● **Action item**:
Transcribe all the lines below exactly. Omit the pictures.

▼▼▼

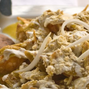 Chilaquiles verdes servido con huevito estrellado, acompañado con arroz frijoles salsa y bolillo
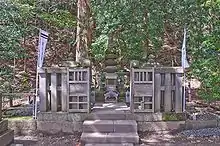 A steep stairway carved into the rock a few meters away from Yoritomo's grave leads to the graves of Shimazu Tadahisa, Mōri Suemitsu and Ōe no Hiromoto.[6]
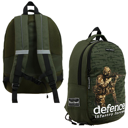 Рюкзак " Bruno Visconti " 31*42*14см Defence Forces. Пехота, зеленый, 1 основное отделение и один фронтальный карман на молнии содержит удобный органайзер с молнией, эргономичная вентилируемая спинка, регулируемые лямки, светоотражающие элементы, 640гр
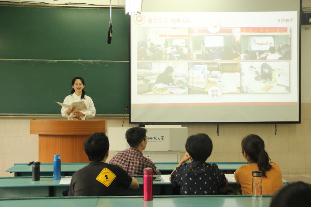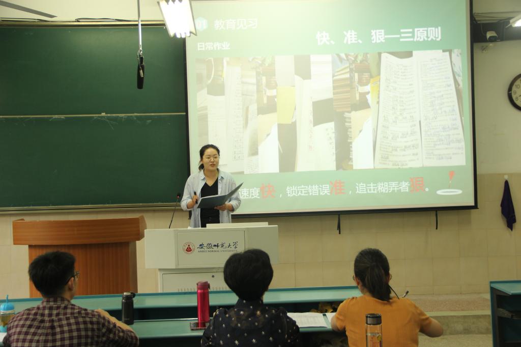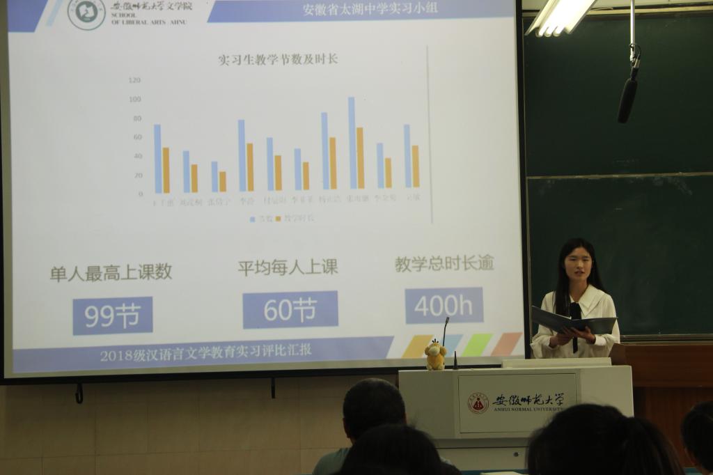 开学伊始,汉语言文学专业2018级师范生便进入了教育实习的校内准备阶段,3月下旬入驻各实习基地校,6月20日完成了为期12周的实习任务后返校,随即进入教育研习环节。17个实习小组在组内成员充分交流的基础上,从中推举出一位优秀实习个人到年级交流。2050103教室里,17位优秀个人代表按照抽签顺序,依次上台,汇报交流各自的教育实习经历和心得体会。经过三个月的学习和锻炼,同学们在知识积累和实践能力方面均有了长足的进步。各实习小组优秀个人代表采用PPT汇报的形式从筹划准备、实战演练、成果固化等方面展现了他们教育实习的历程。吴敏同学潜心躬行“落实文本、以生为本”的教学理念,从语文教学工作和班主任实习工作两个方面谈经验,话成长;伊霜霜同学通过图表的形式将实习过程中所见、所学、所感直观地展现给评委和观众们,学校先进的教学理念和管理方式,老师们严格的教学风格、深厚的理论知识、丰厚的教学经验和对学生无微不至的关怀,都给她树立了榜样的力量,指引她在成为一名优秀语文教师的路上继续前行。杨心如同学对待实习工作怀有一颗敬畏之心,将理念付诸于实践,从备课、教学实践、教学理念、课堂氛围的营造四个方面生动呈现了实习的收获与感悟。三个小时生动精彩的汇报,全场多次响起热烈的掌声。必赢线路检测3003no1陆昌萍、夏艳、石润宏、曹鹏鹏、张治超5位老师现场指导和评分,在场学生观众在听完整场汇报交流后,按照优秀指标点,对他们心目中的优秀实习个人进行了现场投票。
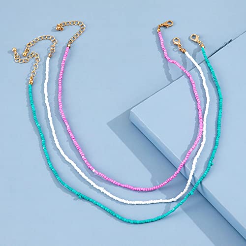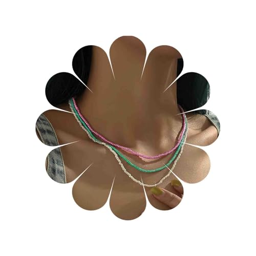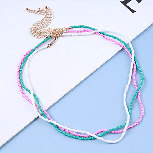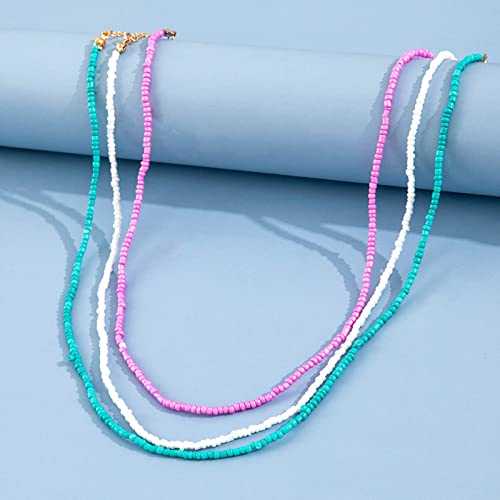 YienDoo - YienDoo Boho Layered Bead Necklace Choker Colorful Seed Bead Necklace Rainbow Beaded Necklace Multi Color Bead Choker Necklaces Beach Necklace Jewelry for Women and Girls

▲▲▲

● **Response box**:
 Chilaquiles verdes servido con huevito estrellado, acompañado con arroz frijoles salsa y bolillo
 A steep stairway carved into the rock a few meters away from Yoritomo's grave leads to the graves of Shimazu Tadahisa, Mōri Suemitsu and Ōe no Hiromoto.[6]
 Рюкзак " Bruno Visconti " 31*42*14см Defence Forces. Пехота, зеленый, 1 основное отделение и один фронтальный карман на молнии содержит удобный органайзер с молнией, эргономичная вентилируемая спинка, регулируемые лямки, светоотражающие элементы, 640гр
 开学伊始,汉语言文学专业2018级师范生便进入了教育实习的校内准备阶段,3月下旬入驻各实习基地校,6月20日完成了为期12周的实习任务后返校,随即进入教育研习环节。17个实习小组在组内成员充分交流的基础上,从中推举出一位优秀实习个人到年级交流。2050103教室里,17位优秀个人代表按照抽签顺序,依次上台,汇报交流各自的教育实习经历和心得体会。经过三个月的学习和锻炼,同学们在知识积累和实践能力方面均有了长足的进步。各实习小组优秀个人代表采用PPT汇报的形式从筹划准备、实战演练、成果固化等方面展现了他们教育实习的历程。吴敏同学潜心躬行“落实文本、以生为本”的教学理念,从语文教学工作和班主任实习工作两个方面谈经验,话成长;伊霜霜同学通过图表的形式将实习过程中所见、所学、所感直观地展现给评委和观众们,学校先进的教学理念和管理方式,老师们严格的教学风格、深厚的理论知识、丰厚的教学经验和对学生无微不至的关怀,都给她树立了榜样的力量,指引她在成为一名优秀语文教师的路上继续前行。杨心如同学对待实习工作怀有一颗敬畏之心,将理念付诸于实践,从备课、教学实践、教学理念、课堂氛围的营造四个方面生动呈现了实习的收获与感悟。三个小时生动精彩的汇报,全场多次响起热烈的掌声。必赢线路检测3003no1陆昌萍、夏艳、石润宏、曹鹏鹏、张治超5位老师现场指导和评分,在场学生观众在听完整场汇报交流后,按照优秀指标点,对他们心目中的优秀实习个人进行了现场投票。
 YienDoo - YienDoo Boho Layered Bead Necklace Choker Colorful Seed Bead Necklace Rainbow Beaded Necklace Multi Color Bead Choker Necklaces Beach Necklace Jewelry for Women and Girls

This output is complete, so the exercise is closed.